Spain may finally get a ‘Truth Commission’ to examine rights abuses committed during the Spanish Civil War and 37-year Franco dictatorship that followed, if a legislative proposal submitted to Congress last week can gather 500,000 signatures to move forward with reform of the country’s 2007 Historical Memory Law.

The proposal calls for standardization of procedures in locating and examining the gravesites of those executed by forces loyal to Gen. Francisco Franco during the civil war, formation of a national ‘Truth Commission’ to examine the atrocities committed during the war and its aftermath and the removal of all pro-Franco symbols from public view — including Catholic churches and Catholic cemeteries that have to date refused to follow guidelines set down in the 2007 law. The legislation would also place special emphasis on the investigation of human rights abuses and summary executions of women and homosexuals during the war and under the Franco regime that followed.

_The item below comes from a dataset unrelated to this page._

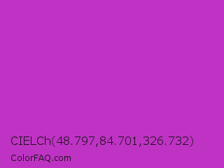 CIELCh 48.797,84.701,326.732 Color is a normal magenta color and the nearest color is Steel Pink #cc33cc. Hex code #bf33c4 and RGB value is rgb(191,51,196). In RGB color space, this color is composed of 75% red, 20% green, 77% blue, In CMYK color space, this color is composed of 3% cyan, 74% magenta, 0% yellow , 23% black , In HSL color space, this color has a hue angle of 298° , 59% saturation and 48% lightness.

The proposal now will go through a lengthy legislative process, with the approval of the federal Electoral Commission first needed in order for campaigners to begin collecting the requisite 500,000 signatures over a period of nine months. Once the signatures are collected, the proposal can move to the full body of Congress for debate and promoters of the reform hope to have the legislation in place by end-2017.

► Read More in Spanish at La Sexta Noticias and El Periódico de Aragón …

► Read Full Text of Proposed Legislation in Spanish via Nueva Tribuna, here …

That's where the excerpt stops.